231 barangays have been upgraded from “continuing” to “low-hanging fruits”; and 283
“new-frontier” barangays have been upgraded to “continuing” barangays.

Also last year, we have completed our profiling of child labourers nationwide, 75,000 of
whom have been identified and in which barangays. Most of the child laborers profiled
were engaged in farming, fishing, scavenging, vending, small-scale mining and
domestic work, among others.

It is for these reasons that I would like to express to you my gratitude and sincere
thanks for coming up with your respective barangay resolutions declaring your
barangays “Child Labor-Free Barangays in 2014. This makes your barangays ready to
be declared as child labor-free barangays for meeting the indicators we have set for a
barangay to be declared child labor-free. These indicators are the following:

 no child below 15 years old works, unless in two circumstances provided under
the Child Labor Law
 no child 15-17 years old is engaged in the worst forms of child labor
 all children of school age are attending formal school or alternative learning
session
 parents have economic activity to support the needs of their children
 presence of a functional barangay council for the protection of children
 implementation of local ordinances or resolutions to address child labor
concerns.
 reports of child labor incidence immediately acted or resolved
 child labor issues and concerns are mainstreamed in local development plans

Over and above these indicators, I appreciate further that last year, the teachers,
parents, and local barangay officials in all the six identified barangays have signed
individual commitment to action to attain a child labor-free barangay, and to protect
children from all forms of abuse, neglect, cruelty, exploitation, and discrimination
prejudicial to their development.

Your commitment to establish a functional information system on child labor;


institutionalise and strengthen partnership; provide access to services; mainstream child
labor agenda; conduct advocacy activities; and strengthen enforcement and compliance
to anti-child labor laws is what brought us here today in this gathering.

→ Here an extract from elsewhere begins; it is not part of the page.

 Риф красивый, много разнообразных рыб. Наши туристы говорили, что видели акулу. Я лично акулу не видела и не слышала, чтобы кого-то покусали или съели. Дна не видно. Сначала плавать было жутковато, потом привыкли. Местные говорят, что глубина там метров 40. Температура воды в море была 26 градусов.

Because you have performed your roles well, we now have six barangays in Sagada
that are child labor-free, and I declare them so today.

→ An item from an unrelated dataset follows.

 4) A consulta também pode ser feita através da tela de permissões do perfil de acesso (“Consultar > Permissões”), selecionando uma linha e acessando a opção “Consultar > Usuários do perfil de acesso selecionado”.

I direct Regional Director Jalbuena to work with Mayor Latawan and the six barangay
captains so that in proper time, markers which declare these barangays child labor-free
can be erected in a conspicuous place in each barangay for all Sagada residents and
visitors to see.

With six barangays in Sagada already child labor-free, the DOLE-CAR has already
more than exceeded its target of declaring five barangays in the “low hanging fruits”
category as child labor-free in 2014. The DOLE-CAR‟s target for 2015 is also five
barangays in the “low hanging” category; six barangays in the “continuing” category;
and nine barangays in the “new frontier”. Congratulations to DOLE-CAR!

This year, I am excited to know that the DOLE-CAR has strengthened further its
partnership with the DOH, National Nutrition Council, DSWD, Philippine Dental
Association-Benguet Chapter, and the University of the Cordilleras through its Project
H.E.L.E.N. in deepening the Child Labor-Free Barangay Campaign in Sagada.

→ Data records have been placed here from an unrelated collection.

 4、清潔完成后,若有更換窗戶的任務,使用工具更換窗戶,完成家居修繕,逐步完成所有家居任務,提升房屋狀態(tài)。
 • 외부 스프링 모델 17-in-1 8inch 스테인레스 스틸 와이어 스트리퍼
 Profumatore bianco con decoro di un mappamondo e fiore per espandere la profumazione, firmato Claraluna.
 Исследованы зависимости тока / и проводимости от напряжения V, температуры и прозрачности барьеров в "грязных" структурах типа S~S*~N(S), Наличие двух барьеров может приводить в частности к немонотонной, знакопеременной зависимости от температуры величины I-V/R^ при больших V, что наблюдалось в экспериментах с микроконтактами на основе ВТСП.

These institutions and organisations are here again today to help us. They brought with
them medicines, multi-vitamins, dental hygiene kits; family food packs consisting of rice,
canned goods, noodles, coffee, and chocolates; and books and journals. These are for
the children so they will not feel heavily burdened by the chores of school work—not
child work.
To the parents, the DOLE-CAR is also delivering its livelihood enhancement package of
P994,645 for the meat processing project of the parents in Brgy. Agued, P248,785; T-
shirt printing of the parents here in Brgy. Banga-an, P298,470; soya milk production of
the parents in Brgy. Fidelisan, P198,725; and peanut butter production of the parents in
Brgy. Fide, P248,725.

With these assistance, it is my sincere hope that the parents will continue to support the
Child Labor-Free Barangay Campaign as it moves purposely and firmly, not only in
Sagada, but also in many parts of the Philippines. I will certainly share your success
with others so that they will be inspired to also achieve what you have accomplished.

Once again, good morning to all of us. God bless.